The turnaround plan announced on Friday will lead to 3.7 billion euros ($3.9 billion) in annual savings by 2020 and lift the Volkswagen (VW) brand’s operating margin to 4 percent that year, from an expected 2 percent in 2016.
That target still remains below rival European carmakers such as Renault RENA.PA and Peugeot Citroen PEUP.PA, which is targeting an operating margin of 6 percent in 2021.
VW, Europe’s largest carmaker, is seeking to move beyond an emissions-cheating scandal that has tarnished its image and left it facing billions of euros in fines and settlements.
The cuts came with a management pledge to create 9,000 new jobs in the area of battery production and mobility services at factories in Germany as part of efforts to shift toward electric and self-driving cars.
“We have to invest billions of euros in new cars and services while new rivals will attack us - the transformation will surely be more radical than everything we have experienced to date,” VW brand CEO Herbert Diess said at a press conference.
Some experts argued the cost cuts were not deep enough.
Spending on R&D and staff across VW’s automotive operations has been growing for years with the need to overhaul the cost base dating back to before the diesel emissions scandal broke 14 months ago.
“The deal may be the best the company could negotiate with labor but it’s not a victory for either side,” said Erik Gordon, a University of Michigan business professor.
"The cuts are too small to make VW cost competitive with Toyota 7203.T and other global rivals."
With 610,000 workers globally, VW last year built slightly fewer vehicles than Toyota which has 350,000 staff.
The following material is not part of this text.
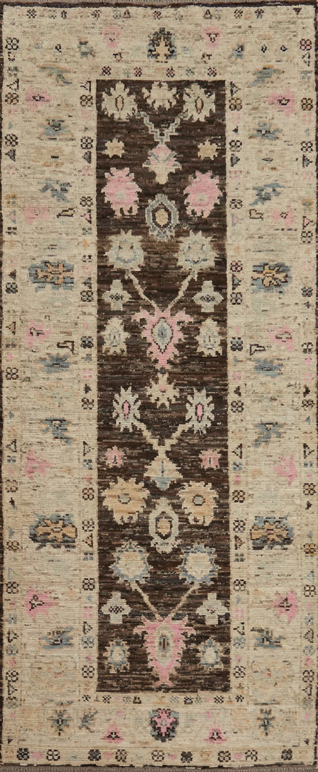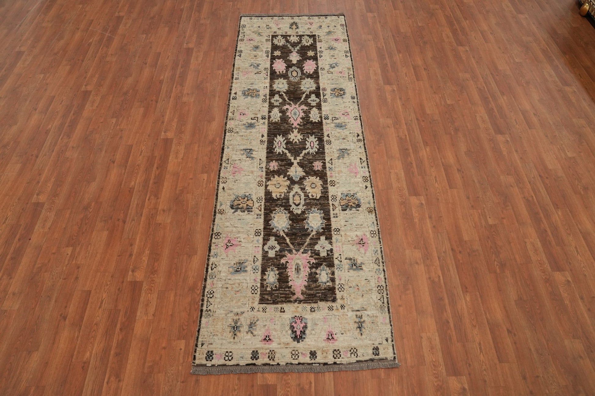 Dark Brown Oushak Vegetable Dye Runner Rug 3x9

The German company has also been slow to cease production of unprofitable vehicles in its 340-model range.
VW’s labor leaders said management had agreed to avoid forced redundancies in Germany until 2025, a step which clears the way to cutting 23,000 jobs via the more palatable methods of buyouts, early retirements and reducing part-time staff.
Jobs will also be cut in North America, Brazil and Argentina, VW said, without being more specific. Around 120,000 employees work for VW brand in Germany including 6,000 temporary staff.
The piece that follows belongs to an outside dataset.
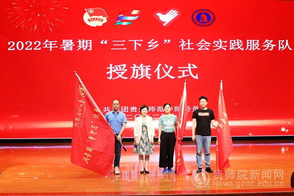 出征仪式上,石培新为西部计划志愿者代表赠予《习近平的七年知青岁月》书籍,鼓励他们在基层实践中成长成才。韦维和其余与会校领导为“西部计划”志愿服务队和暑期“三下乡”社会实践服务队授旗。

Many analysts and investors nonetheless welcomed the deal, sending the shares more than 2 percent higher to the top of the blue-chip DAX .GDAXI index in early Frankfurt trading. At 1324 GMT (8:24 a.m. ET), the stock was still trading up 0.8 percent at 118.5 euros.
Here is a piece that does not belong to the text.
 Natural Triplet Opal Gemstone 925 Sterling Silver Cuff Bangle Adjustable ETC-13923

Activist hedge fund TCI, which has been critical of Volkswagen management, said it looked like a good deal all round provided it could be made to stick.
“As long as they are net savings – the savings are not given back by increased costs elsewhere in the organization,” said TCI partner Ben Walker.
“They’ve just to deliver now. It’s easy to talk. They now have to deliver and execute,” he added.
Labor leaders were pleased with the outcome.
“The most important message is the jobs of the core workforce is secure,” VW’s works council chief Bernd Osterloh said at the news conference in Wolfsburg, where the company has its headquarters.
Management and labor agreed to outsource production of plastic parts from the German Braunschweig plant but will compensate workers by assigning more orders for chassis and steering assembly needed with rising investment in self-drive cars.
In a further sign of its shifting focus, VW said it will build electric cars at its German factories in Zwickau and Wolfsburg.
Electric motors will be built in Kassel, and VW will start battery cell production and development in Salzgitter.
Volkswagen will also build battery packs for electric and hybrid cars in Braunschweig, it said.